Yes, if you’re hungry. The general feel of Tela is less odd in Wyoming than the food is. It’s gastro-pubby and hearty in the extreme, as if catering to guys in their 20s. Satisfying on an elemental level, it’s very filling and, like that garlic caramel, is built on big flavors and simple principles.

The Monte Cristo ($7.50) sandwich is made as an appetizer. Pimento cheese (not quite melted) inside thick slices of bread, cut into cubes, battered and deep-fried is food that would taste great after several drinks.

We had one salad ($7.50), a delicious crunchy mix of raw fennel and bright citrus crowned with pea shoots, croutons and padrone peppers, with a light and tangy buttermilk dressing. Then we left vegetables behind.

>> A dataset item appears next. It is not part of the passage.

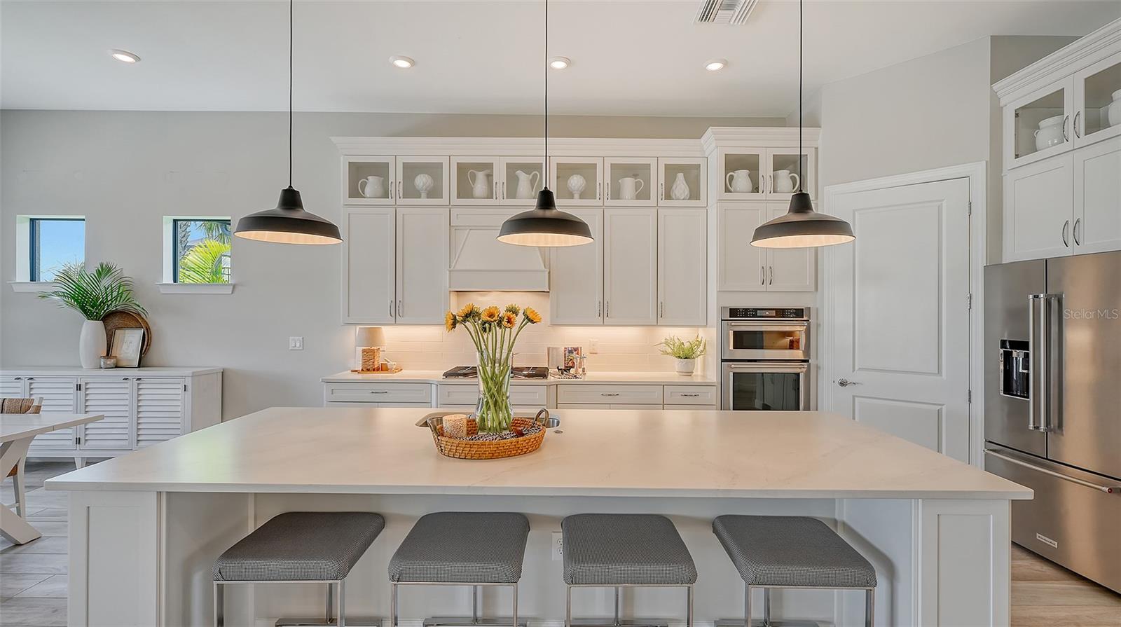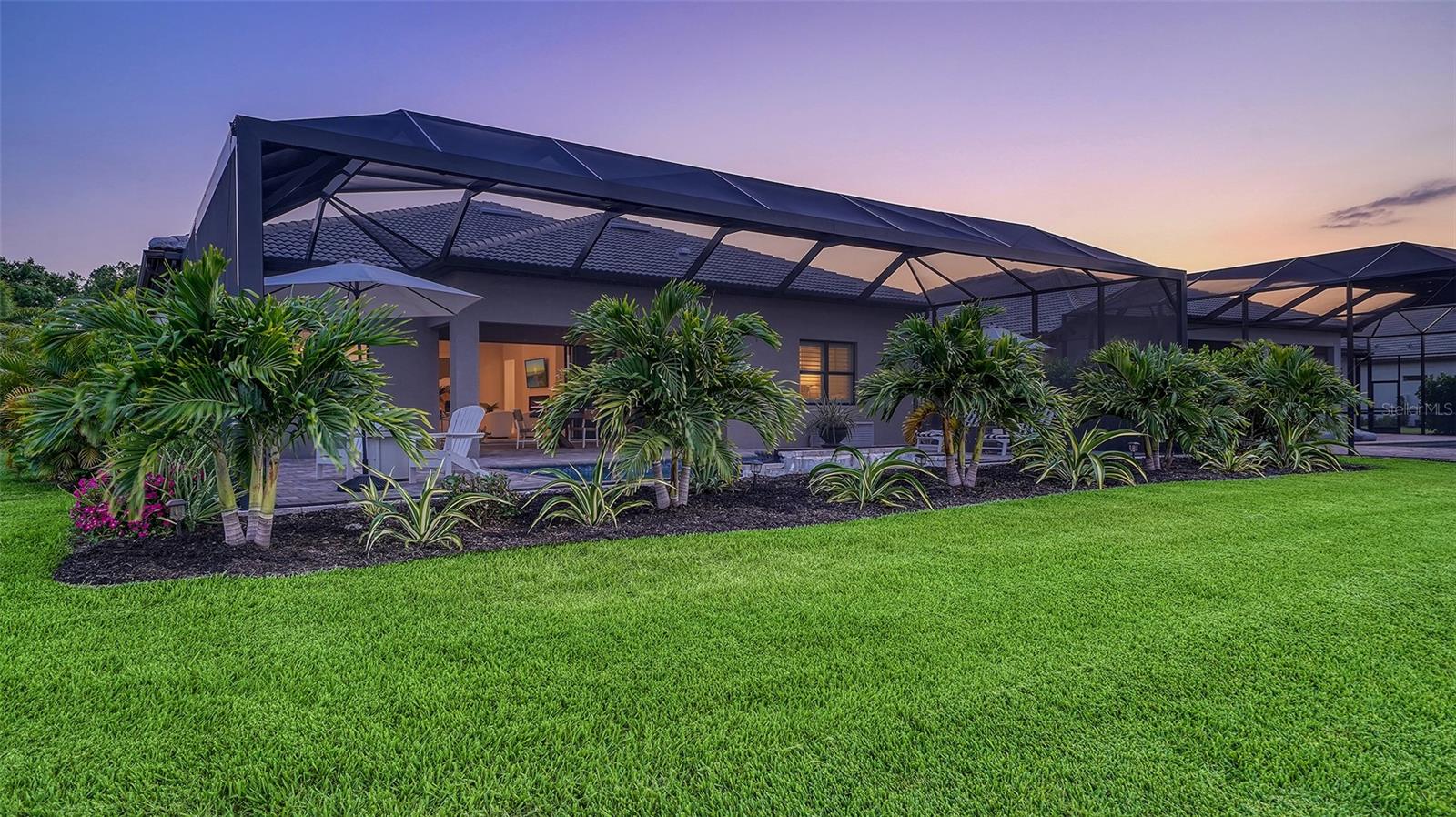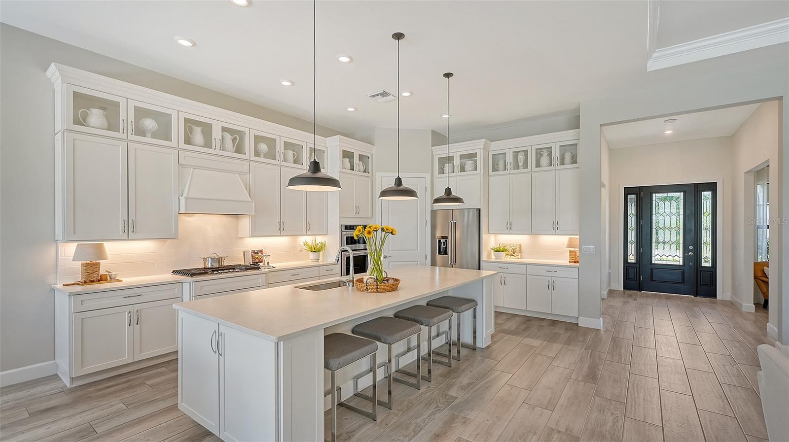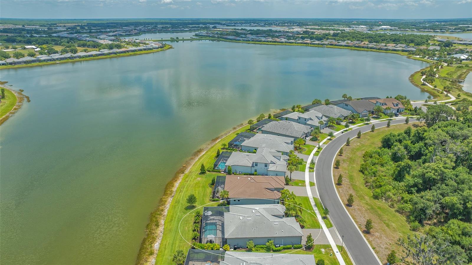 Welcome to the coveted Florida lifestyle at Shoreview Community at Waterside Place. Off the beaten path of the main entrance, 716 Sigsbee Loop is uniquely nestled on the peaceful banks of gently flowing Middle Teal Lake, and at the same time graciously positioned opposite one of Shoreview’s beautiful nature preserves. Custom 3 bedrooms, 3 full bathrooms – This 2021 “Pinnacle” model shows like a new home! Step inside to a spacious open floor plan. Fully tiled throughout, and using a neutral palate, this light and airy home exudes a relaxed, casual elegance. The Pinnacle features a 12’ coffered ceiling gathering room, a dining area with opulent palm and water views, and a well-appointed kitchen - where all 3 meet, for the perfect entertainment area! The kitchen boasts white, stacked cabinets with glass doors, upgraded KitchenAid appliances, a massive island, and large custom walk-in pantry. Overlooking Middle Teal Lake are triple sliding glass doors opening from the gathering room, which have a built-in linear fireplace. Enjoy the panoramic view from the lovely partially covered open lanai, overlooking the sparkling and lit saltwater pool and waterfall. The Primary owner’s suite, with a 12’ ceiling tray, overlooks the lake and pool, also has an extended shower, private linen closet, private en-suite bath and expansive custom walk-in closet. Two additional bedrooms have walk-in closets, one with en-suite bath and the study/flex room is off the foyer. Enter a finished laundry room featuring a stainless sink, custom built-ins and a sliding barn door with easy access to the 3-car air-conditioned and epoxied garage. Shoreview is a maintenance free community, so your lawn-care is included in your HOA as well as ALL the amenities here; clubhouse, tennis, pickleball, fitness center, kayak launch and MORE! Be sure to ask for the home and community features sheet. Bike, golf cart, or take Shoreviews Water Taxi to breathtaking sunsets minutes away at Waterside Plaza on Kingfisher Lake. Shoreview is conveniently located near shopping, dining, great schools, beaches and Sarasota Int’l Airport, making it one of Sarasota’s most sought after, new neighborhoods. Call for your personal tour today!

The ur-dish of this kind of menu is poutine ($9): a little outrageous, not concerned about calories, and delicious like your favorite junk food and home cooking put together. Here, it’s French fries topped with pieces of braised pork belly and gravy, cheese curds and a fried egg. Tela adds mustard. I am a poutine expert, having recently eaten a dozen varieties around town, and I put this in the middle of the pack,with a less delicious gravy than some and not quite the perfect ration of each element.

Half a miso-glazed roast chicken ($14) comes with randomly broken up potatoes mixed with locally-made Fab Ferments kim chee. Not a refined preservation, and I think they might have put in more kim chee, as long as they were committed to the idea. The chicken itself was nicely roasted, not as easy to do as it sounds.

The pork two-fer ($21) did have vegetables, but they were long-cooked greens. With pork tenderloin wrapped in speck ( a kind of ham) and meaty, fatty and super-delicious pork belly, it added up to a southern-spirited mess of meat.

There are a lot of sandwiches; we tried the chivito ($11), That’s a sandwich from Uruguay, though interpreted differently here, with brisket and ham instead of the pounded steak of the original. It was delicious, with the flavors of bacon and egg coming through especially. Definitely hearty.

I was wondering if I just happened to choose the heartiest things on the menu, but I don’t think so. I could have had a bowl of vegetables and rice, or the other salad, but it’s a Lyonnaise, with lardons and fried egg. There’s a burger called the Multibeast, an oyster po-boy, chicken wings, and steak frites.

So, if you don’t come hungry, come prepared to share. It’s not really for me to say, but I’d think adding more light dishes would be a good idea if the owners want to be a neighborhood restaurant that people feel like going to frequently.

I got to Tela a little sooner after it opened than I sometimes make it to a new restaurant, but there was nothing in the service to suggest they’d opened only a couple of weeks before. Our server was not only prompt and on top of things, she was very natural and convincing describing the food. And someone nicely brought us some extra garlic caramel for our fries.